Exercise prompt:
Strip the pictures and reproduce the rest of the listing exactly.

++++ Source data

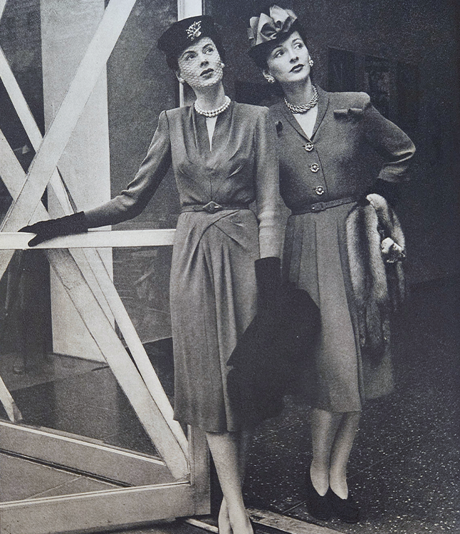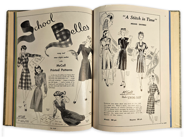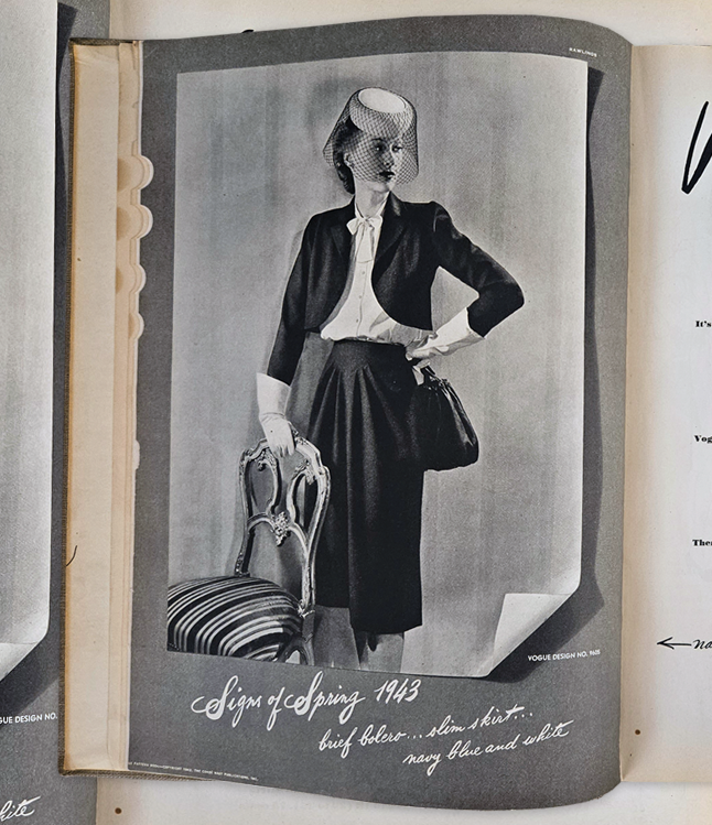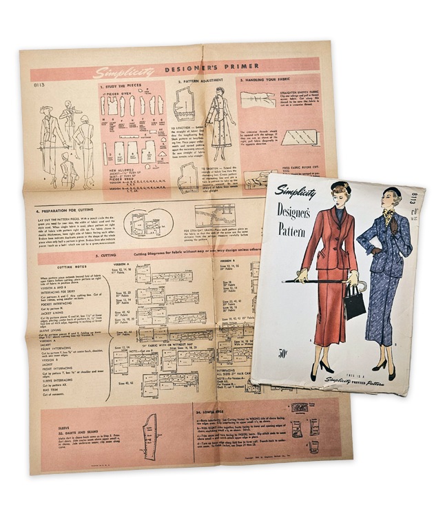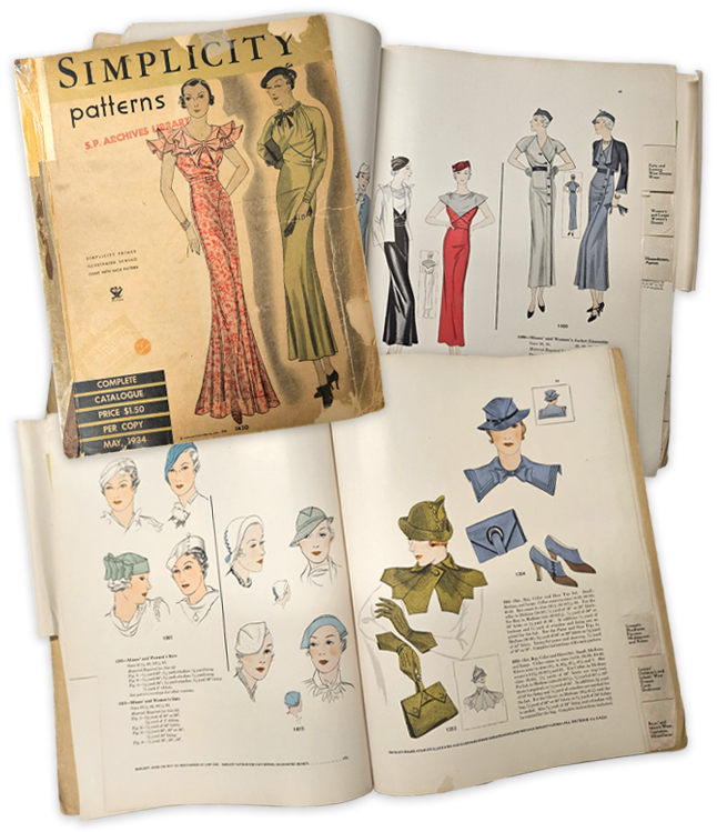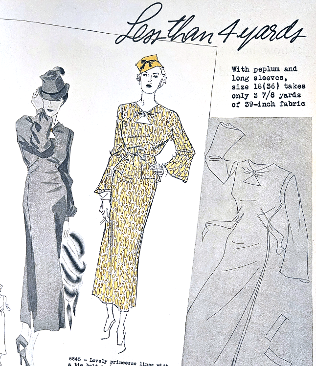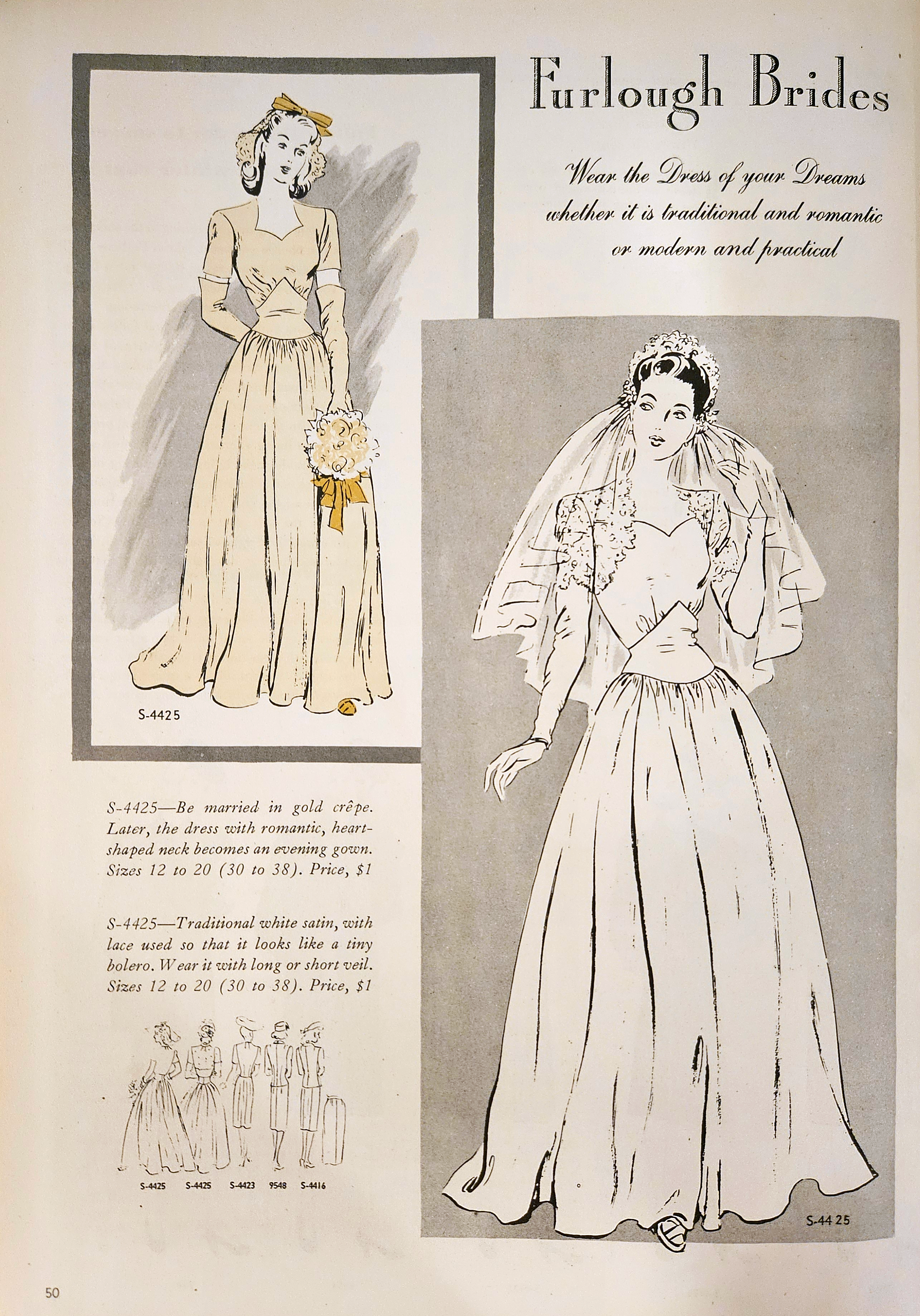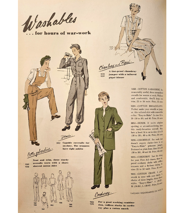 During WWII, due to rations, Simplicity and Vogue Patterns became known for sewing patterns that required minimal fabric and could be upcycled from existing dresses and suits.
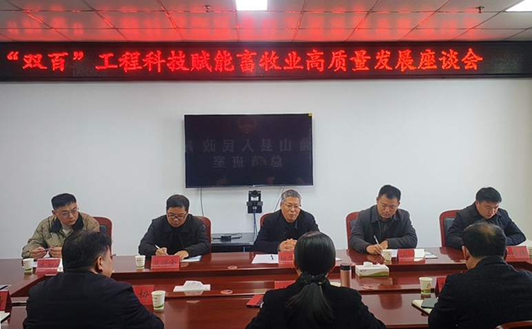 为深入推进“百名专家助百村(企)”工程(简称“双百”工程)落地见效,进一步强化校地、校企协同联动,为区域畜牧业高质量发展注入强劲动能,近日,我校社会服务办公室组织学校相关专家赴确山县参加“双百”工程科技赋能畜牧业高质量发展座谈会。确山县副县长刘冬梅,驻马店市科协学术部部长冯翔,我校社会服务办公室主任胡华锋,动物医药学院博士李厚伟,动物科技学院博士牛凯峰,食品科学学院博士危得全及确山县科协、畜牧中心、科技局、商务局、工信局等单位负责人参加座谈会。
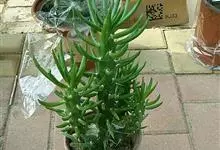 筒叶花月,是景天科青锁龙属的多年生草本植物。植株多分株,灌木状,茎较粗壮,圆柱形,表皮灰褐色;叶片肉质,互生,呈圆筒状,簇生于茎或分枝顶端,叶端呈斜截形,截面为椭圆形;花呈星状,淡白色;花期秋季。…全部>>

++++++++

Written solution:
 During WWII, due to rations, Simplicity and Vogue Patterns became known for sewing patterns that required minimal fabric and could be upcycled from existing dresses and suits.
 为深入推进“百名专家助百村(企)”工程(简称“双百”工程)落地见效,进一步强化校地、校企协同联动,为区域畜牧业高质量发展注入强劲动能,近日,我校社会服务办公室组织学校相关专家赴确山县参加“双百”工程科技赋能畜牧业高质量发展座谈会。确山县副县长刘冬梅,驻马店市科协学术部部长冯翔,我校社会服务办公室主任胡华锋,动物医药学院博士李厚伟,动物科技学院博士牛凯峰,食品科学学院博士危得全及确山县科协、畜牧中心、科技局、商务局、工信局等单位负责人参加座谈会。
 筒叶花月,是景天科青锁龙属的多年生草本植物。植株多分株,灌木状,茎较粗壮,圆柱形,表皮灰褐色;叶片肉质,互生,呈圆筒状,簇生于茎或分枝顶端,叶端呈斜截形,截面为椭圆形;花呈星状,淡白色;花期秋季。…全部>>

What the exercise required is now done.